Фаянсов взглянул на своё деяние как бы со стороны. Всё вышло, как он и задумал. В центре холста пышела жаром огромная нагая грудь. Из-за её заходящих солнц, вытянув шею, выглядывала сама Эвридика. Всё, что было ниже кофты — юбка, ноги, — и его сон остались коричневым контуром. Но это он доделает дома.
— Ну и глупцы, если смеются. Тебе-то что не нравится здесь? — спросил он ревниво.
— Да всё! Мы как договорились? Я буду одета. Ты обещал, а что сделал? Взял и раздел. Пользуешься тем, что у тебя краски, да? А грудь? Разве она такая? Ты её видел? Мою грудь? Скажи: видел или не видел?

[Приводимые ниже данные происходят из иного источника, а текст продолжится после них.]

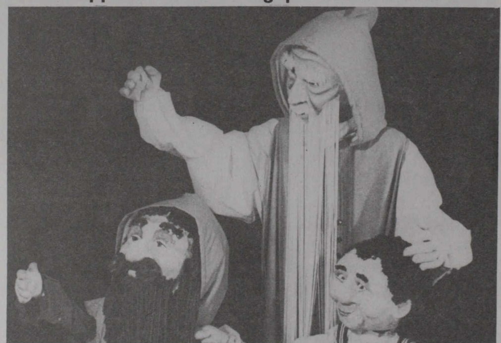
Gandalf the wizard, Thorin leader of the dwarves and Bilbo the hobbit.

Montreal based company, Theatre Sans Fil, enchanted audiences at the Young People's Festival held in Singapore March 2—23, 1986. As one of two foreign companies participating at the Festival, the theatre group presented the famous fantasy tale "The Hobbit". This stage adaption uses giant puppets and specially commissioned music and lighting to recreate the magic atmosphere of this
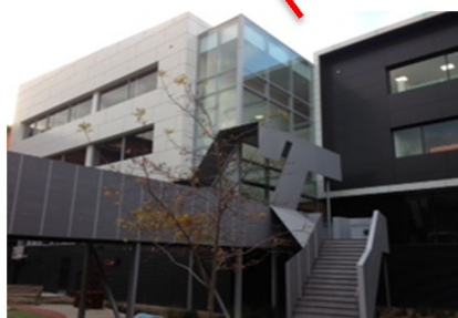
Health Education & Research Building (HERB)

There will be signs and staff to direct you to the lecture theatre.

— Ну, в прямом смысле не видел, — подтвердил Фаянсов. — Но это не имеет значения, ибо…
— Имеет! А как ты меня покрасил? Разве я мандарин? Врёшь ты всё, Фаянсов! Я два часа не курила, чуть не умерла.
— Зря ты обиделась. В сущности, это не ты, Вера Титова, а символ. Символ материнства, — пробормотал он миролюбиво.
— Да что ты нашёл во мне материнского? У меня и детей-то нет. Ни одного!
Видно, она не знала, плакать ей или смеяться.
— Но будут, будут, — заверил её Фаянсов.
— От тебя, что ли? Пришёл, навонял своими красками, не продохнуть!
— Но краски действительно пахнут специфически. По-моему, в их запахе есть нечто благородное. Так пахли краски у Веласкеса, Левитана, — обескураженно проговорил Пётр Николаевич.
— Ладно, сама виновата. Как была дурой, так, видно, дурой и подохну, — посетовала Эвридика.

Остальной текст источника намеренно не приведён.